The UMass Boston Table Tennis Team met with some success at a recent tournament held in the Clark Athletic Center. Teams from Northeastern, Harvard, and BU, to name a few, came to UMass for the tournament that decided who would move on to the national tournament to be held at Texas Wesleyan University (TWU) from March 31to April 3.
Although the UMass team missed making the nationals by a mere two games, two standout players qualified for the singles tournament, also held at TWU. Eileen Lintz, senior chemistry major at UMass and co-founder/captain of the Table Tennis Club and team, will represent UMB in the women’s singles at the tournament, and Panos Nikopolitidis, the number-one-ranked player in the division, will represent the men.
The team’s success has not gone unnoticed around the Athletics Department. Rodney Hughes, UMB’s men’s basketball coach, remarked, “For a group that just started, to get to the nationals is outstanding. I don’t care whether they’re a club team or not.”
Hughes, along with Vice Chancellor of Student Affairs and former Athletics Director Charlie Titus were instrumental in the creation of the club, helping to acquire new Tennis Tables, securing the use of the Creative Room for practice, as well as scheduling the recent tournament.
The fact that UMass Boston has a team at all is an achievement in itself. Lintz notes, “We are the only public institution of higher education in the New England division, and I think that’s quite an accomplishment that in our first year we did so well against other better funded schools.”
The team’s success is largely due to the play of their two standouts Nikopolitidis and Lintz, who will be paying their own way to Texas due to a lack of funds-one of the drawbacks of a publicly funded university.

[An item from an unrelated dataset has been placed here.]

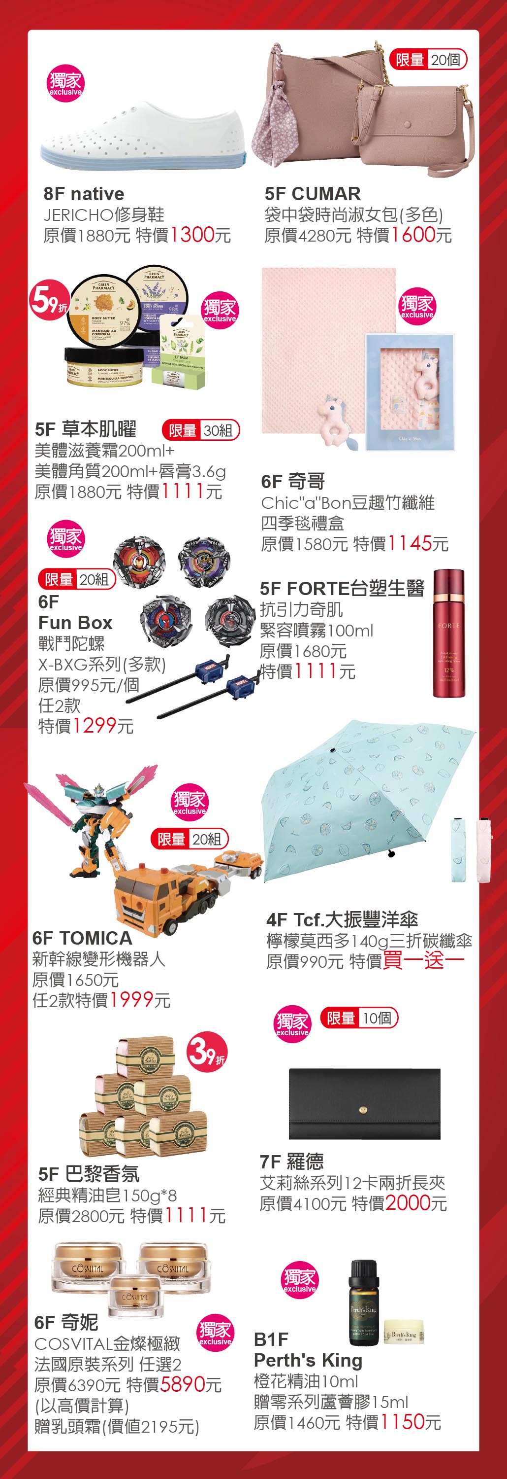 1F (Venchi除外)、2F 10/10 APOTHECARY、Acqua di Parma、COACH、CREED 、DEVIALET、Diptyque、H&M、LOEWE Perfumes、lululemon、Maison Margiela、ZARA、星巴克儲值金、3F FansFassiii、THE BODY SHOP、CYRANO、NOSE WAY、Pure Way、Jurlique、MUJI (免稅)、點睛品(黃金/手工)、鎮金店Just Gold、CASETiFY、4F UNIQLO、5F CHANEL、DIOR、FIWFIW修改室、ANNIVAN銀飾販賣機、翠屋珠寶(手工)、6F agapebaby-ABC系列、Gashapon萬代官方扭蛋專賣店、7F GU、8F 湯姆熊、B1F SONY-PS系列、德誼數位、遊戲達人(SWITCH)、東城insta 360/canon相機、DECO HOME、LOPIA、鼎泰豐、大心新泰式麵食、麥當勞、丸亀製麵、4F-7F主題餐廳、投幣式機台(4F/6F/8F)、1F廣場市集、躂剛散步街、外送平台。

Nikopolitidis, who played semi-professionally in Greece, has yet to lose a match, and Lintz is the number-one-ranked player in the New England women’s singles division.
The team consists of eight members who are also members of the club. Practice is held in the Creative Room in the Clark Athletics Center on Friday afternoons at 2:30. Lintz notes, “We usually draw about ten to twenty people each week, which is pretty good for a Friday afternoon. And it’s open to everyone-students, staff, and faculty.”
About 35 players with all ranges of skill attend the practices and club meetings. The team is formed through the club meetings and those showing promise and interest in playing competitively can join. “This is really a testament to UMass when you see how well this club has flourished here,” Lintz says of students’ involvement so far.
The Table Tennis Club started modestly, with Lintz and others playing on a broken down table above the Clark Athletics Center lobby. They then began posting flyers and spreading the word and the club soon grew too large for one table.
“Charlie Titus was very helpful and supportive…[He] saw that I was attracting a lot of members…he approved the purchase of four tables and some equipment…and my coach donated a table so now we have five tables,” says Lintz. The strong interest also led to using the larger Creative Room to accommodate the burgeoning club.
Lintz is graduating this year and heading for graduate school in Germany where, unlike the United States, they have a professional table tennis league. Lintz hopes the club will continue to grow in her absence. Interim Director of Athletics Pat Burns states, “The athletic department hopes to continue its relationship with the Tennis Table Club as long as it exists.”
With the success of the first year, all parties involved are hopeful for the future and look forward to both the national tournament’s results and next season’s tournaments.